2. "I have given it to you on the altar to make atonement", kipper
Hebrew: לְכַפֵּר עַל־נַפְשֹׁתֵיכֶם, "to make atonement (kipper) for your souls (nepešōtēkem)."
The verb kipper (H3722, kpr) is the technical OT atonement vocabulary. Etymological dispute (cover / wipe-clean / ransom, Milgrom and Levine debate Akkadian kapāru "wipe" vs Arabic kafara "cover" cognates), but the functional meaning is established by usage: kipper names the cultic act by which YHWH-priest-and-blood-offering effects forgiveness for sin. The cognate noun kapporet (H3727) is the gold cover on the Ark of the Covenant, the mercy seat / propitiatory, onto which the high priest sprinkled the Day-of-Atonement blood (Lev 16:14-15). The vocabulary is dense: God gave (active divine grant: Hebrew netattīw) the blood AS the appointed means of kipper. This is divine initiative-and-provision atonement, not human-effort earning of forgiveness.

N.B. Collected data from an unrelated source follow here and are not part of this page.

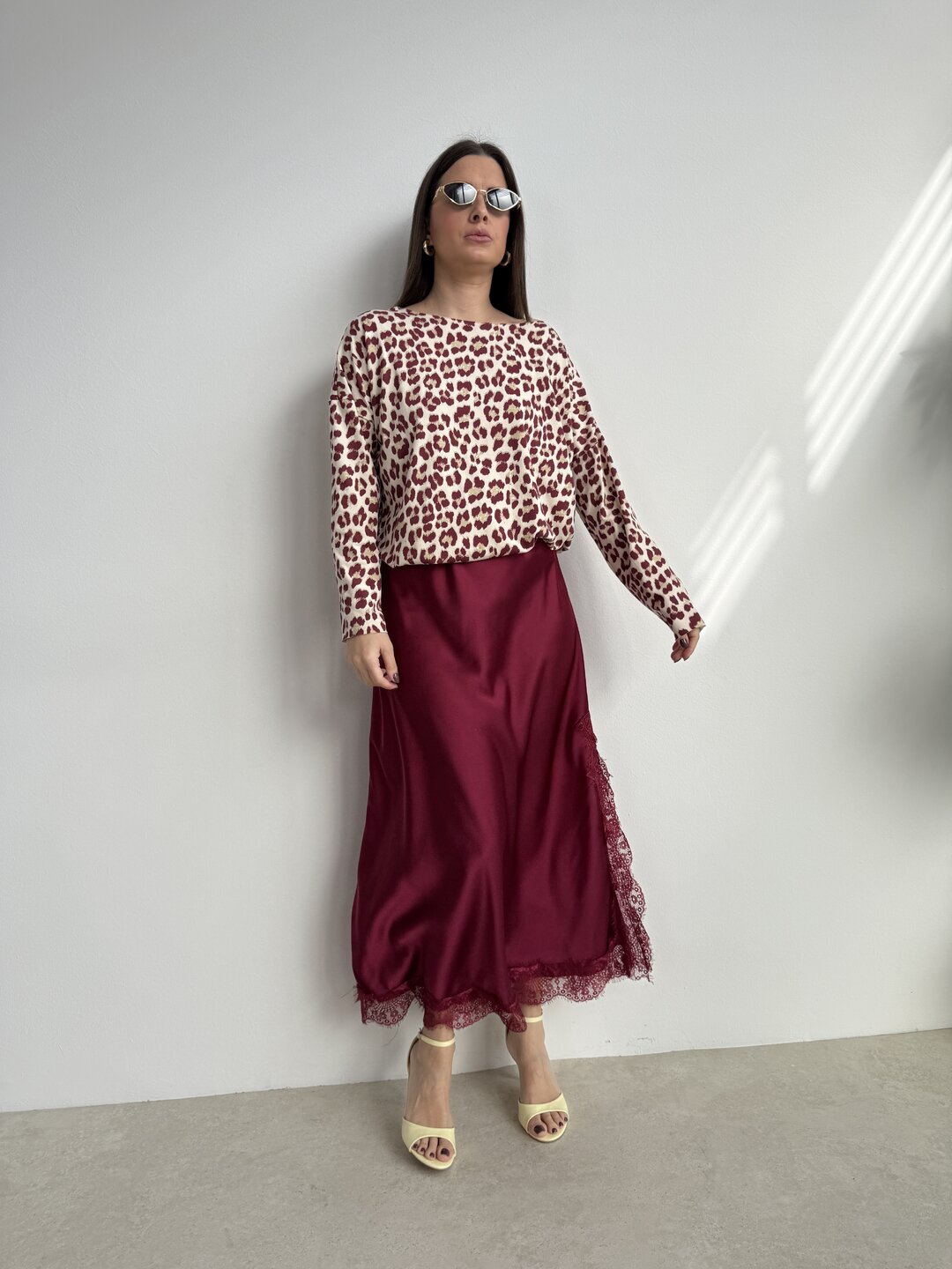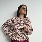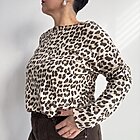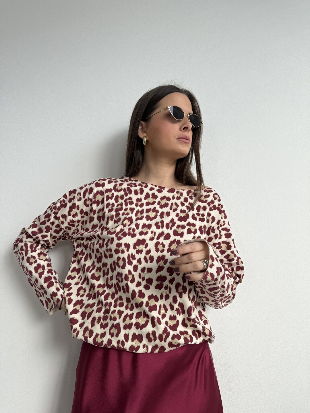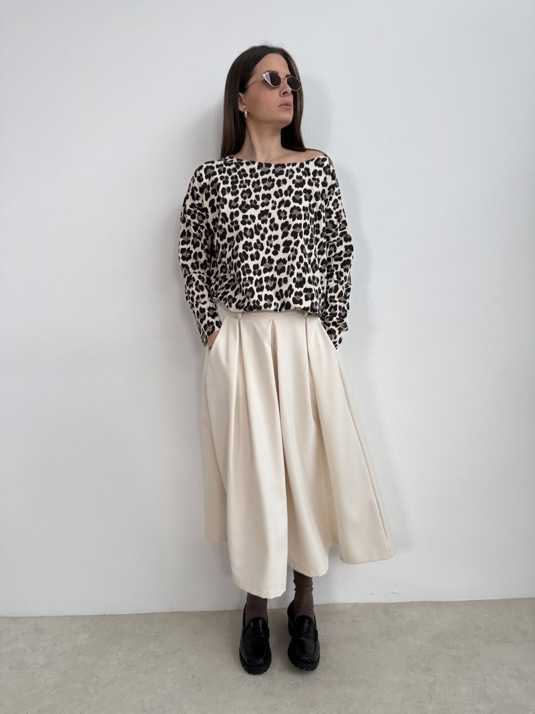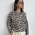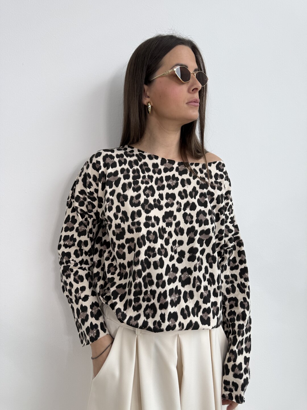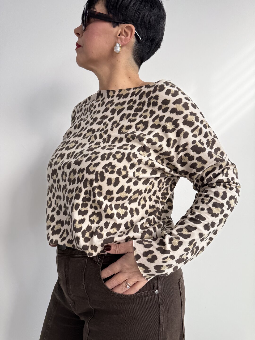 Modello a girocollo taglio laser. Maculata a manica lunga. Taglio della spalla scesa.
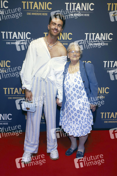 Felix Nieder mit Oma Waltraud Bräuß bei der Eröffnung der Ausstellung 'Titanic: Eine Immersive Reise' in der Expo-Halle im Nikolai-Quartier. Hamburg, 14.04.2025
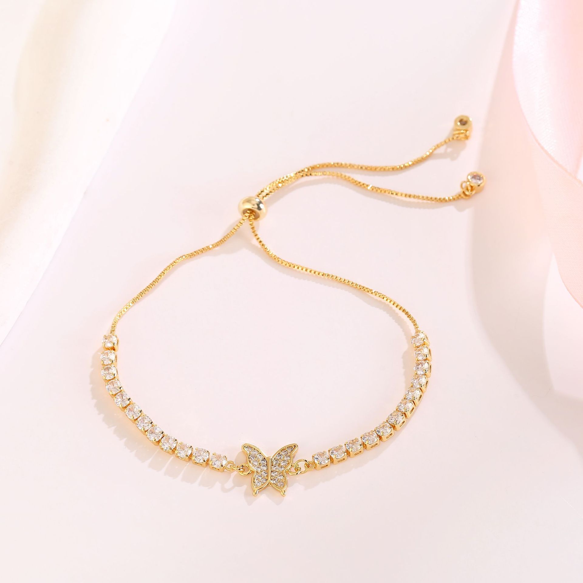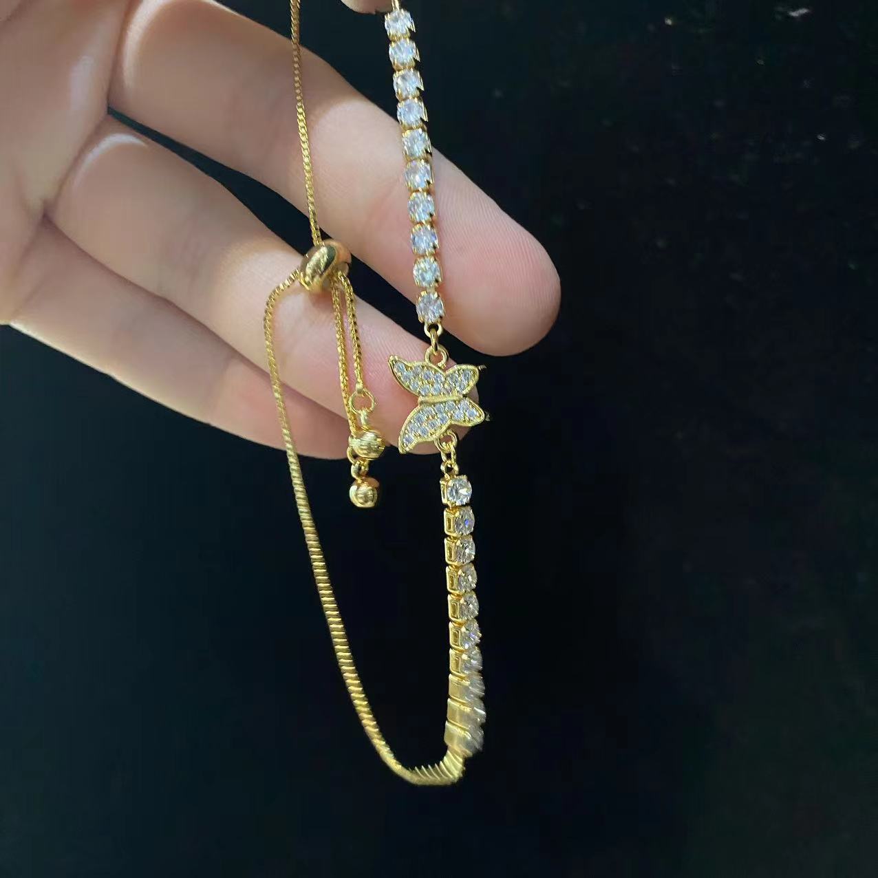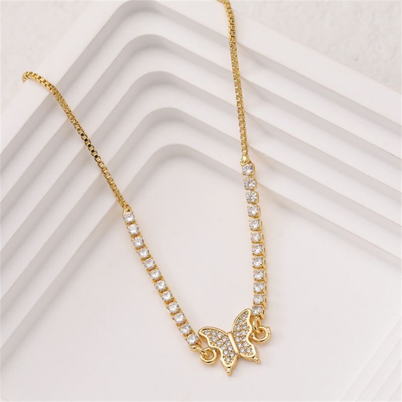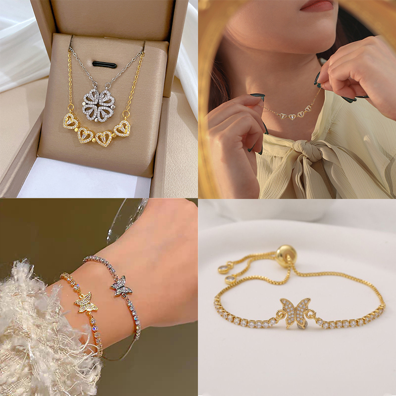 Set Vòng tay nữ Butterfly charm Bướm Vàng 18k đính đá + Dây chuyền Cỏ bốn lá trái tim đính đá
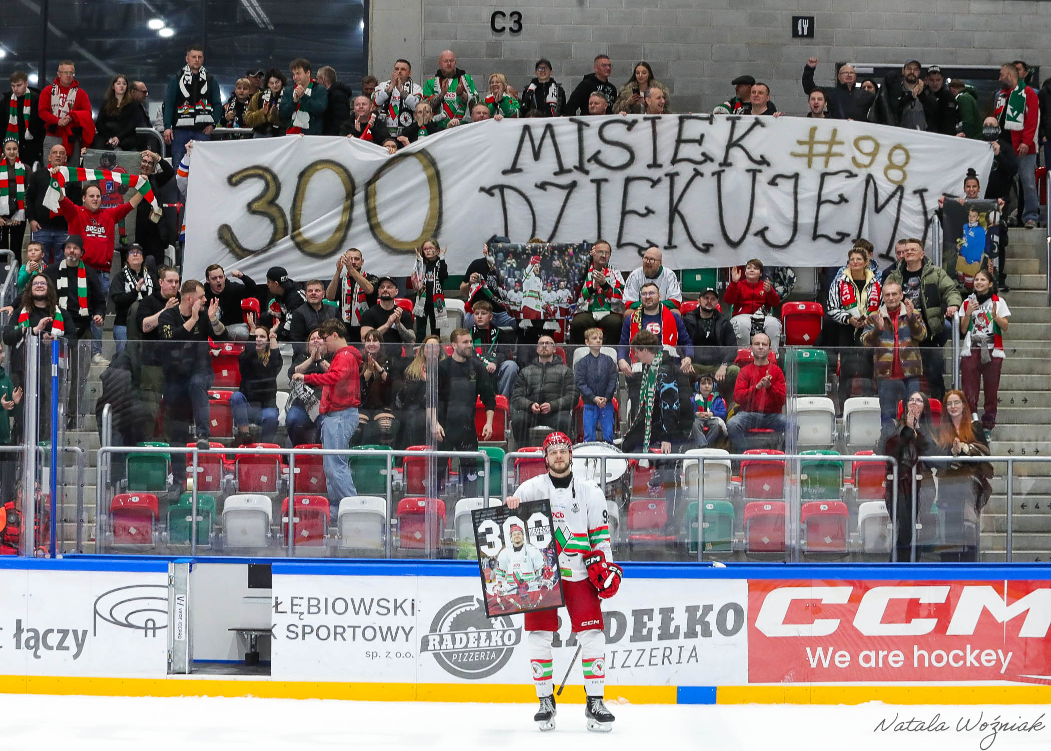 Nasz wychowanek – Michał Bernacki – po wczorajszym meczu miał dodatkowy powód do radości. Po pierwszej wygranej w ćwierćfinale nasz napastnik odebrał specjalny upominek gdyż ma na swoim koncie już 300 rozegranych spotkań na esktraligowych taflach. „Misiek” życzymy wielu kolejnych meczów i dziękujemy, że od najmłodszych lat jesteś razem z nami. Przypomnijmy, że Bernacki od początku swojej przygody z hokejem jest wierny tylko naszym barwom i przez te lata reprezentował tylko Zagłębie Sosnowiec. Dziękujemy!
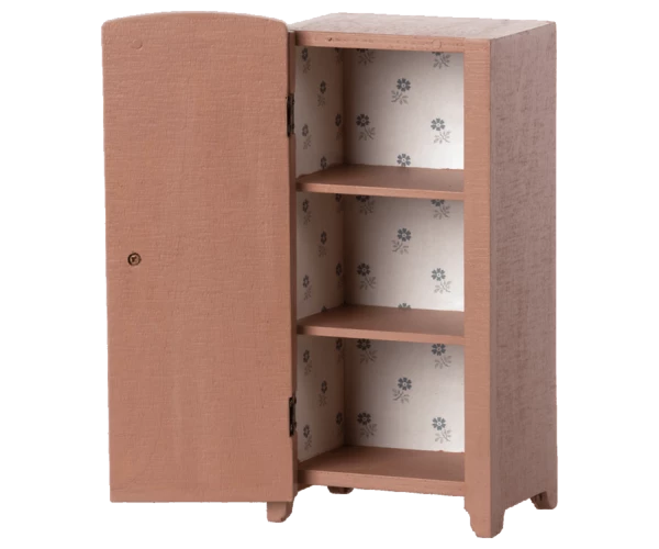 This vintage looking closet has a beautiful embossed flower print on the front and beautiful printed wallpaper inside. The shelves inside will make sure the organizing play will begin. This closet fits into the Maileg dollhouse Size: Mini Hight: 23 cm Width: 11 cm Age: 3 YR+ Wash: Surface wash Material: FSC Wood

3. "For it is the blood by reason of the life that makes atonement", the substitution principle
Hebrew: כִּי הַדָּם הוּא בַּנֶּפֶשׁ יְכַפֵּר, "for the blood it (is) by-the-life that-makes-atonement."
The cryptic ba-nepeš construction has been debated for centuries. Two leading readings:
- Substitutionary reading (Wenham NICOT Leviticus 1979; Dennis Tucker; majority Christian-Reformed scholarship): the blood atones because a life is given in place of the offerer's life; substitution is the mechanism. Translated as "by reason of the life" / "because of the life given."
- Identification reading (Milgrom Leviticus AB 1991; some Jewish scholarship): the blood atones as the life-bearer, the blood-as-life is what makes the offering valid for atonement. Translated as "as the life" / "qua life."
The two readings are not mutually exclusive, both affirm that the blood is the atoning element because it is the seat of life. The Christian theological tradition has overwhelmingly emphasized the substitutionary reading because it grounds the typological connection to Christ's once-for-all substitutionary death (Heb 9:22, "without the shedding of blood there is no forgiveness"; Heb 9:12-14, Christ's own blood as the ultimate atoning offering).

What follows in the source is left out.